Psychodynamics of the 'Intellectual'

Herbert I. Kupper, M.D.

One of the interesting phenomena of our times has been the frequency with which many individuals who are renowned as thinkers or creators have suddenly announced their initiation into an old or new faith. These attitudes on the part of many well-known people are usually accompanied by a wish to explain their transformation. They also attempt to rationalize their conversions by indicating that their new-found spirituality is only a logical extension of a lifetime of thinking. It is not the purpose of this paper to argue the validity of the conversions or new beliefs. It is, however, the writer's opinion that the motivations of people who have lived a lifetime of logical and rational thought, only to turn to a realm which is admittedly mystical by comparison, may contain a key to the mysteries of the personality of the 'intellectual'. When hard-won scientific thought is overrun by animistic thought, then the cause must lie primarily in the individual's psychodynamics.

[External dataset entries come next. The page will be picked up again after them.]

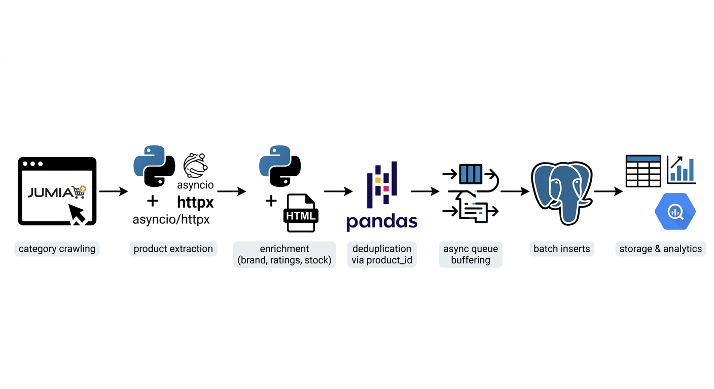 E-commerce data changes quickly, but tracking those changes over time is not straightforward. To solve this, I developed an asynchronous scraping pipeline that collects product data from Jumia at scale, storing it in PostgreSQL with logic to capture only meaningful updates in prices, discounts, and availability. To better understand customer behavior, I extended the pipeline to also collect product reviews — including ratings, text, and timestamps — making it possible to connect pricing decisions with customer feedback and sentiment over time.
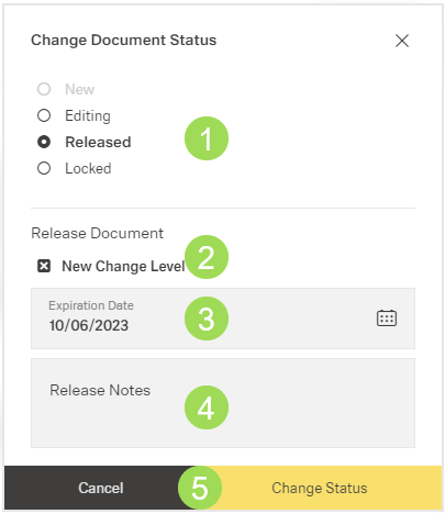 The illustration shows the window for document release: (1) select status, (2) set "new change level", (3) set expiration date, (4) edit field for release notes, (5) buttons
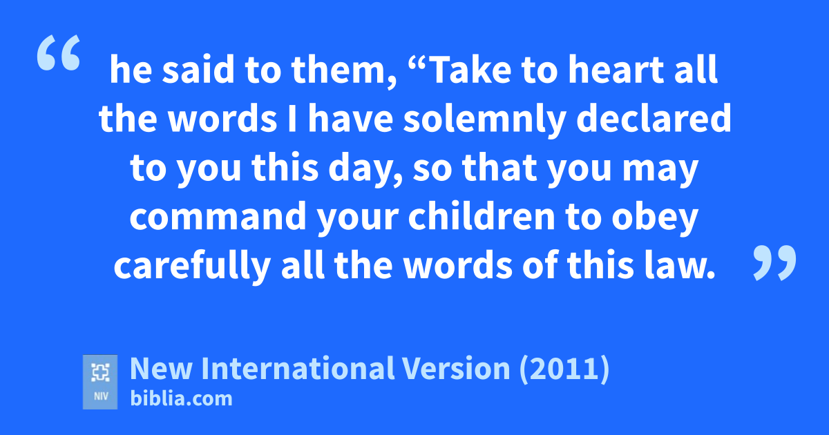 44 Moses came with Joshuag l son of Nun and spoke all the words of this song in the hearing of the people. 45 When Moses finished reciting all these words to all Israel, 46 he said to them, “Take to heart all the words I have solemnly declared to you this day,m so that you may commandn your children to obey carefully all the words of this law. 47 They are not just idle words for you—they are your life.o By them you will live longp in the land you are crossing the Jordan to possess.”
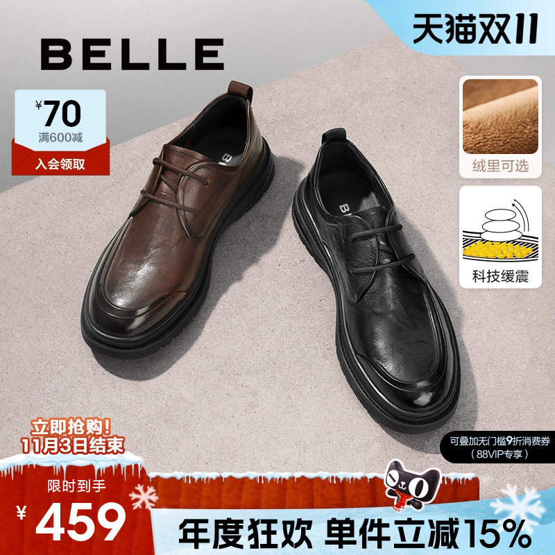 百丽男鞋商务正装鞋加绒婚鞋男士真皮鞋内增高通勤德比鞋A1095AM3
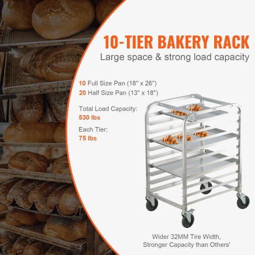 Product Name: Bun Pan Rack, 10-Tier Commercial Bakery Racks with Brake Wheels, Aluminum Racking Trolley Storage for Half & Full Sheet, Speed Rack For Kitchen Home, Bread Baking Equipment, 26"L x 20.3"W x 39"H
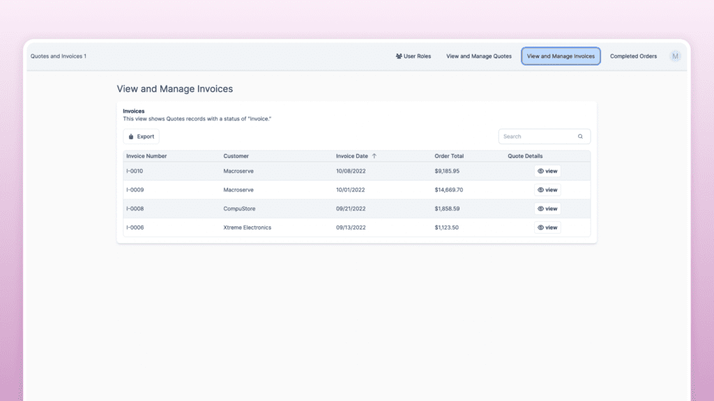 This quoting app gives sales reps a portal to generate quotes, convert quotes to invoices at the click of a button, and record received payments.
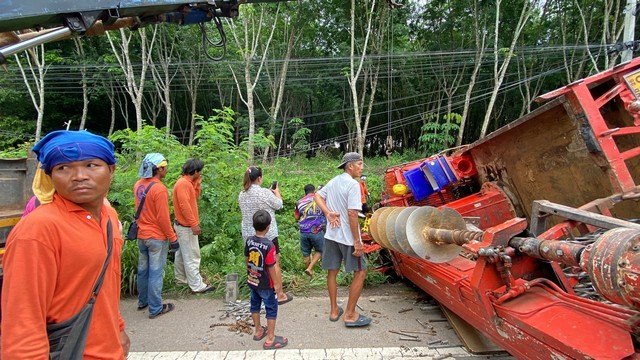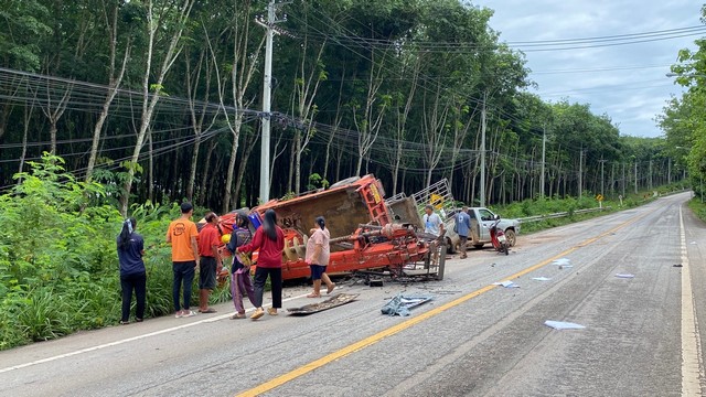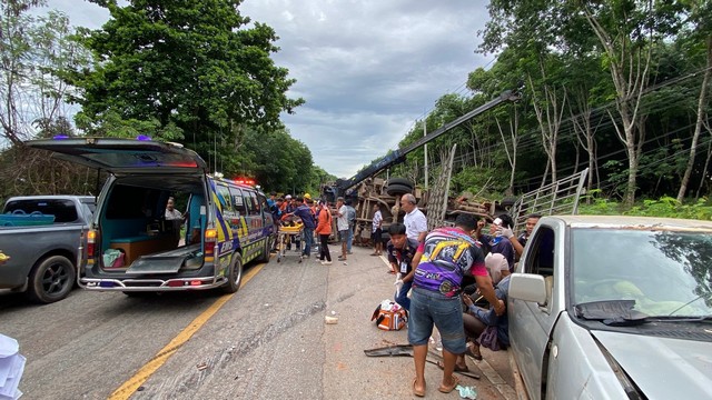 และได้ทราบว่า ตนเองได้ได้นั่งอยู่ด้านหลังของรถการไฟฟ้า เห็นรถลุงจอด ข้างทาง กำลังจะเลี้ยวหรือไม่เลี้ยว ก่อนขึ้นเนินเขามาบ้านเขามะปริง จะมีแยกขวามือเข้าซอย เหมือนจะเลี้ยวเข้าช่วงนั้น รถร่วมการไฟฟ้าได้ลงเนินมาจากเนินบ้านเขามะปริงซึ่งเป็นเนินที่สูงชัน ได้ทำการเบรคยาว เนื่องจากรถหนักเพราะเป็นรถที่ใช้ในการขุดเจาะและการทำเรื่องไฟฟ้าจึงมีอุปกรณ์ที่ขนมาทำให้รถหนักไม่สามารถบังคับรถให้อยู่ได้จึง เกิดประสานงานกับรถกระบะขณะดังกล่าว ส่วนตัวเอง นั้นได้กระเด็นลอยไปอีกฝั่งหนึ่งของถนน มีบาดเจ็บที่แขนและที่นิ้วโป้งเท้าด้านขวา สอบถามอีกหนึ่งรายที่มากับรถการไฟฟ้าก็ไม่ได้ทราบรายละเอียดมากมายเนื่องจากตนเองนั้นนั่งอยู่ด้านหลังสุด ของกระบะ ทัศนวิสัยในการมองเห็นนั้นแทบจะไม่ทราบด้านหน้าว่าอย่างไรเมื่อรถประสานงานแล้วจึงทราบว่ารถนั้นได้ชนและพลิกตะแคงอยู่ด้านล่างตนเองนั้นก็ได้กระเด็นตกลงมาบาดเจ็บเล็กน้อย เหตุการณ์นี้มีผู้บาดเจ็บจำนวนสี่ราย เป็นหญิงหนึ่งรายชายสามราย นำส่งโรงพยาบาลนายายอามเพื่อรักษาตัวต่อไป

Historically, the modern intellectual, as we loosely call men who pursue knowledge and thought for its own sake, originated in recent centuries with the monks during the Middle Ages. During those dark days these religious men nurtured the seeds of truth and beauty which later gave rise to the Renaissance. There was the same cloistered, disinterested pursuit of knowledge which we associate with thinkers of our own day. It is interesting, in view of the present return to religion, to note that these religious men began to turn to rational thinking in spite of a background of centuries when magic and animistic thinking were at their height in the history of mankind.